On September 11, 2001, terrorists murdered nearly 3,000 innocent people at the World Trade Center, at the Pentagon, and in a quiet field in Shanksville, Pennsylvania. Over 400 first responders perished, heroically performing their sworn duty: firefighters, members of the NYPD and PAPD, and other rescue workers. Those who were lost were the everyday sons and daughters, brothers and sisters, husbands and wives, and mothers and fathers who make up the fabric of this nation. Who were, in every sense, who we are.
It is because of what happened that we have an obligation, which extends to the families and friends who lost loved ones, to those who survived, and to the millions of Americans and those from around the world who visit this sacred site.
The National September 11 Memorial & Museum has a dual mission of commemoration and education. The 9/11 Memorial opened on September 11, 2011, marking the 10th anniversary of the 9/11 attacks. It continues to be one of our nation’s most visited sites, as people from all over the world come to honor those who were killed on 9/11 and reflect on the compassion and humanity evidenced in the aftermath of the attacks.
And it is through the 9/11 Memorial Museum that we fulfill a sacred obligation to preserve this crucial history for future generations.

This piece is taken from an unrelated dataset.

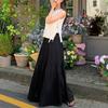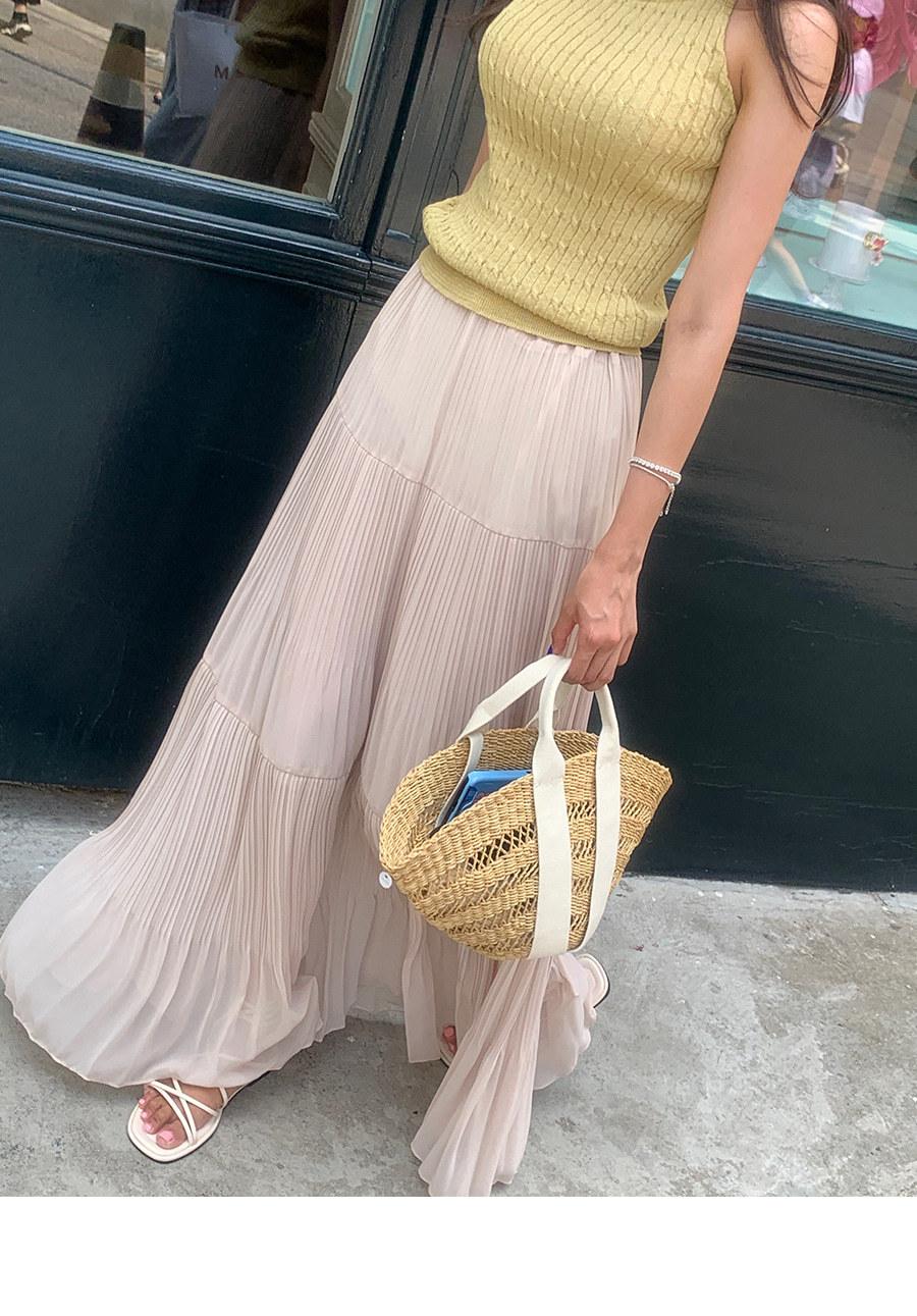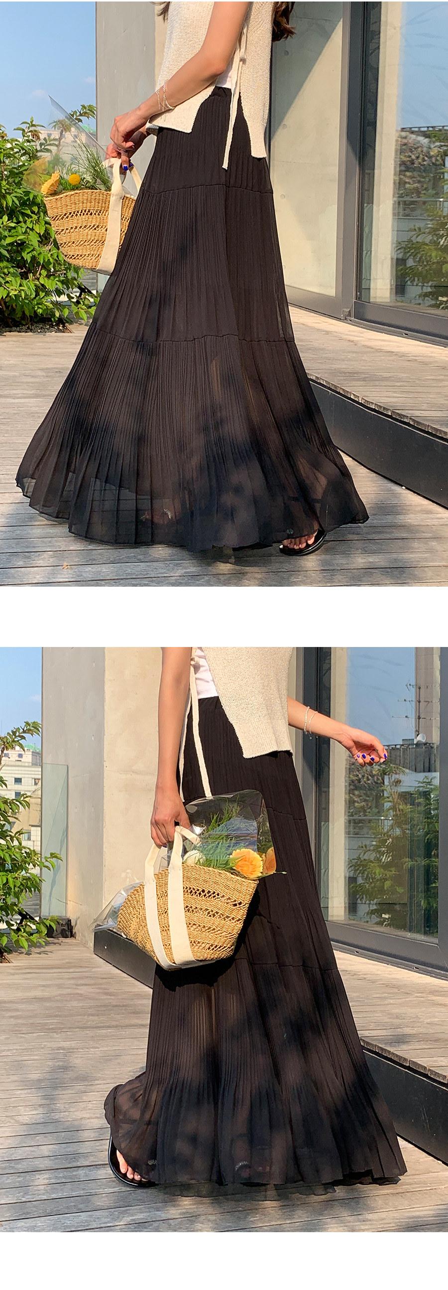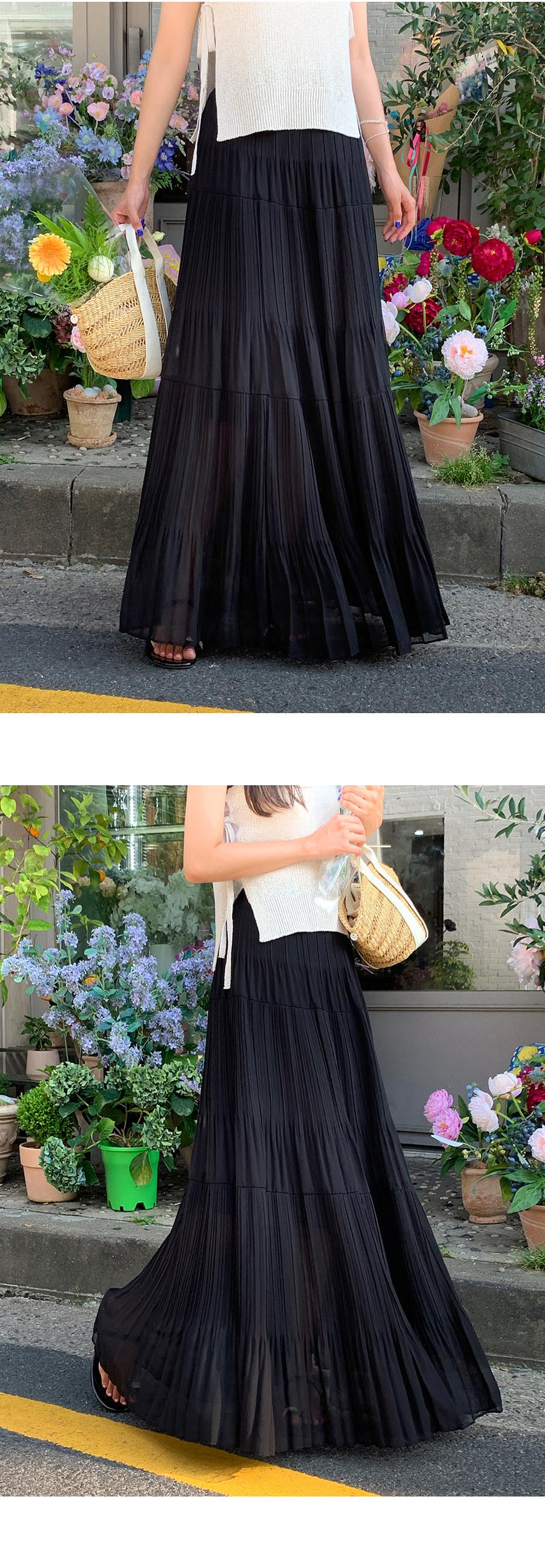 Falda plisada de cintura alta, elegante, larga, estilo paraguas, estilo retro romántico francés de verano 2025
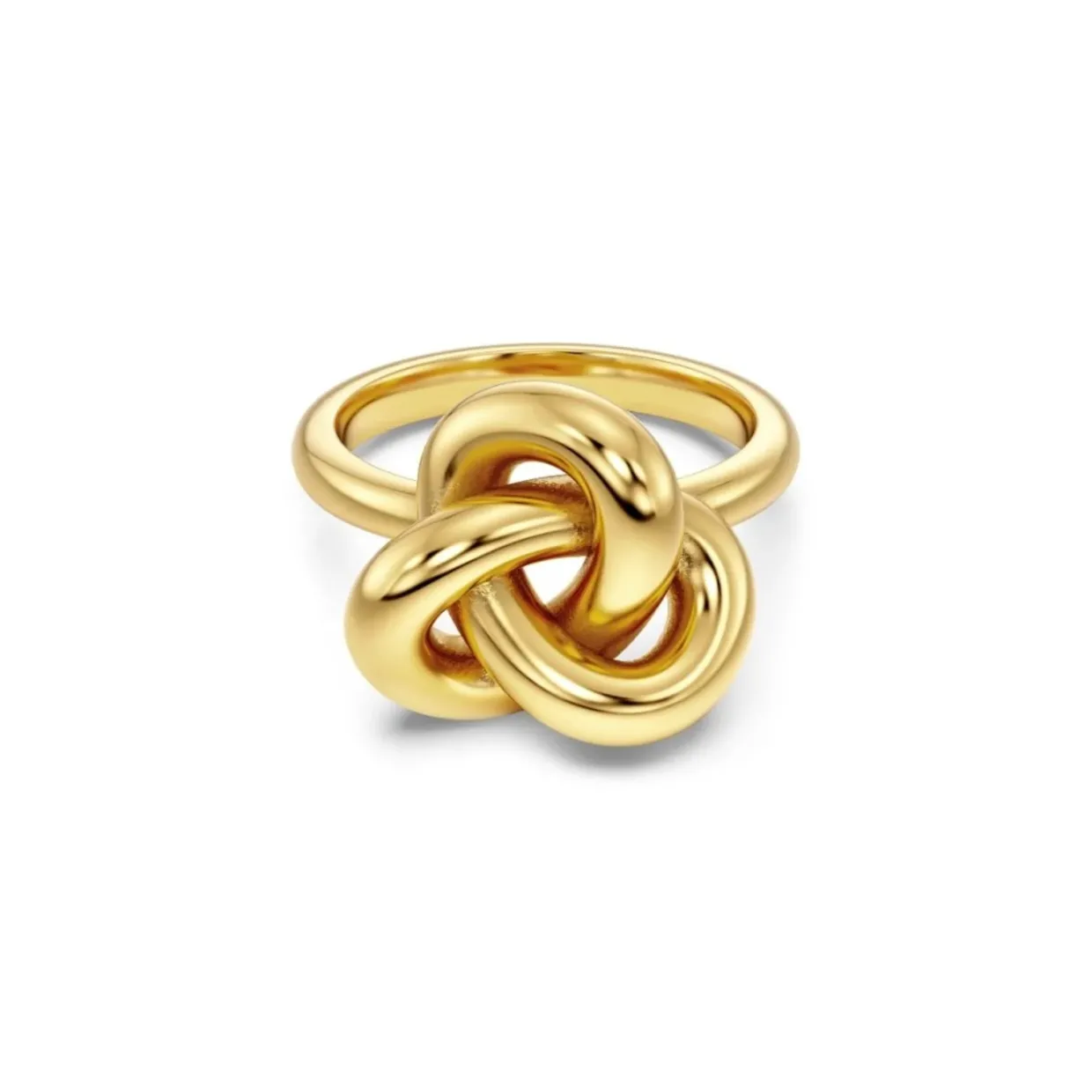 Den skulpturala evighetsknuten i serien Infinity Knot är en tidlös klassiker. De obrutna linjerna i knuten symboliserar kontinuitet. En kraftfull symbol som passar alla tillfällen. Här med knutformen i en överdimensionerad ring i 14K guldplätering. Fin att kombinera med seriens längre halsband, statementarmband eller större studs.

The Museum is the global focal point for telling the story of what happened on 9/11 through first person accounts, artifacts, and digital documentation. It is also through the Museum that we honor and remember those who died in the attacks through the lives they lived, rather than the deaths they died, and stand witness to the many stories of bravery and sacrifice.
Together, the Memorial and Museum remind us of the powerful and binding connection we share with one another – a connection that eclipses politics, economic class, and geography.